А она – обожгла.
Слово подходит тем более, что прозаик Балтер возник внезапно, словно бы взрыв. И слава… Да, не известность, а именно слава тоже пришла в один миг. Как обрушилась. Повесть, частью сперва напечатанная в легендарном сборнике «Тарусские страницы», а затем, целиком, в популярнейшей «Юности» (горы писем, самум восторгов), стала, как я сказал, и пьесой – спектакль в «Ленкоме», куда только что пришел Анатолий Эфрос, хоть инсценировку поставил и не он сам: юный Збруев, тогдашний кинокумир Леонид Харитонов, дебютантка Оля Яковлева… А там и фильм, снятый Михаилом Каликом, ныне объявленный киноклассикой, даром что я – из чистой ревности, от влюбленности в повесть – отнесся к нему сурово…

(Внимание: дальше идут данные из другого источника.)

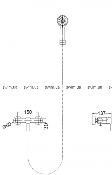 - Комплектується душовим гарнітуром: Однорежимна, кругла ручна лійка/Настінний, стаціонарний тримач для ручної лійки/Душовий шланг у металевому обплетенні з під'єднанням 1/2" x 1/2"

Будущее обещало стать замечательным. Да и можно ль сказать, что оно совсем не сбылось?…
Как хотите, а я опять о забавном.
Когда в 1962 году «Мальчики» объявились в редакции «Юности» (в стоическом «Новом мире» их отвергли, как говорится, не глядя, в «Знамени» дала от ворот поворот, даже не допустив до редакционных вершин, знаменитая редакторша Разумовская – Боря потом ее мстительно именовал не иначе как «жопа-щебетунья»), морщился и Борис Полевой. Повесть ему категорически не понравилась. Но к счастью, рукопись, лежавшую у него дома, прочли дочь и жена; прочтя, восхитились, и Борис Николаевич, образцовый семьянин, решил дело в пользу Балтера.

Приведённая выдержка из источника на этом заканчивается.